The Grey Lady and the Strawberry Snatcher
- Author: Molly Bang
- Language: English
- Genre: children's literature, wordless book
- Published: 1980
- Publisher: Four Winds Press/Macmillan Publishing Company
- Publication place: United States

= The Grey Lady and the Strawberry Snatcher =

1980 children's book by Molly Bang

The Grey Lady and the Strawberry Snatcher is a children's wordless picture book by Molly Bang, published in 1980 by Four Winds Press/Macmillan Publishing Company. The book was a recipient of the 1981 Caldecott Honor.

==Plot==
A grey lady buys strawberries from the market and heads home to her family with them.

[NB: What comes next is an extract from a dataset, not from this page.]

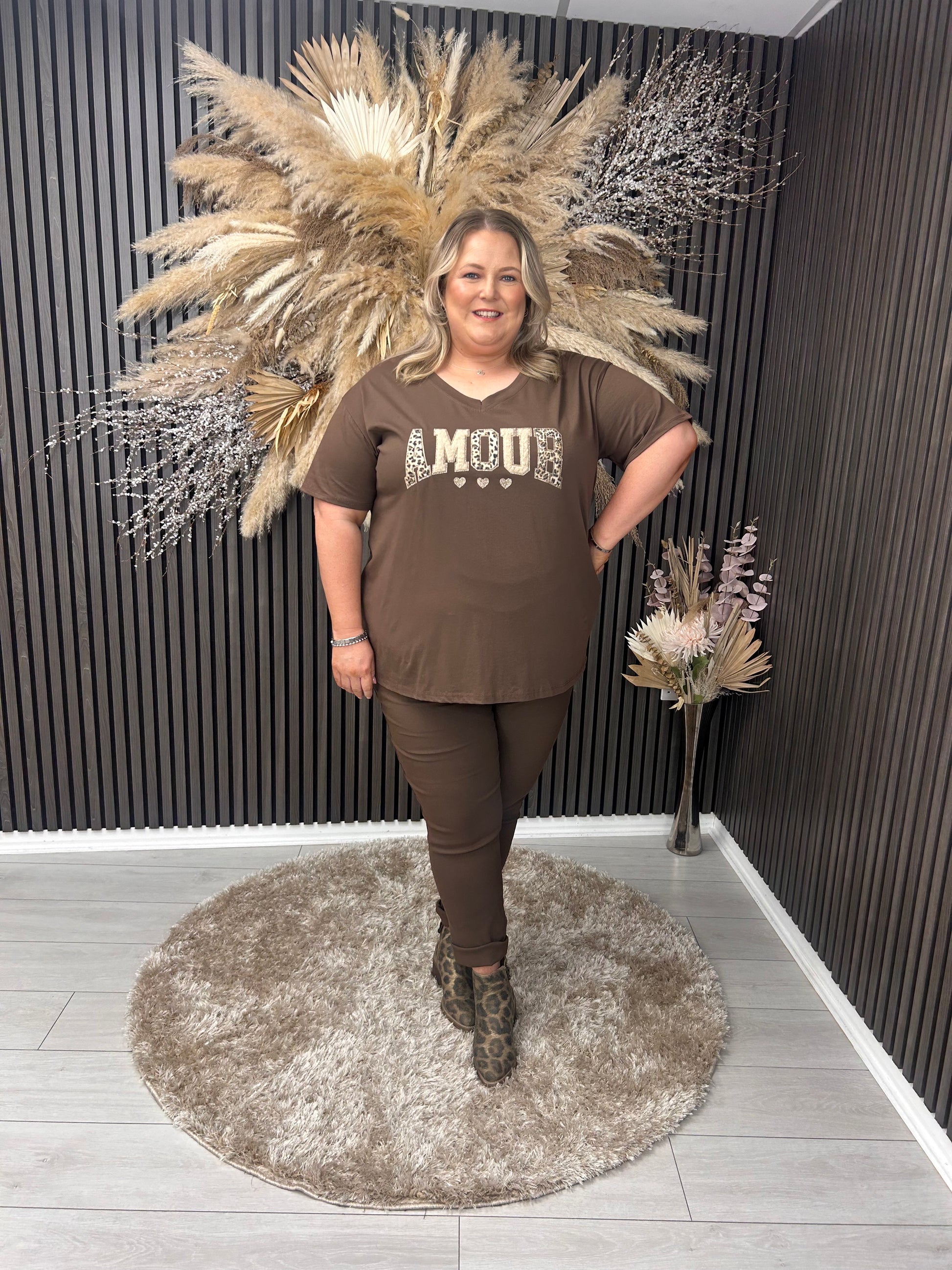 This brown t-shirt features an animal print Amour logo, blending style with subtle detail.

A long fingered blue creature follows her and tries to steal the strawberries, but she escapes through various means—catching a bus, swinging from a vine, and simply by blending into the grey swamp but for her face and hands. When he gets frustrated, he finds blackberries and eats them instead.

==Reception==
A Chevron Cars review says, The Grey Lady and the Strawberry Snatcher by Molly Bang has superb illustrations with the grey lady becoming part of the environment, hidden from the viewer as well as from the strawberry snatcher." A Teaching Pre K-8 review says, "Dive into this story when you have plenty of time. Every page presents possibilities for wondering, discussing and anticipating. That's the way to get kids hooked on books." Carol Hurst reviewed the book saying, "The artist's use of figure/ground manipulation is central to the plot and can be used as an introduction to other art activities using negative and positive space". The book was used as a project in the book Math & Stories. The book won a 1981 Caldecott Honor Book award, a 1980 Boston Globe-Horn Book honor book award for Illustration, A Children's Reviewer's Choice 1980 award, ALA Booklist award, a 1980 AIGA Children's Book Show Selection award.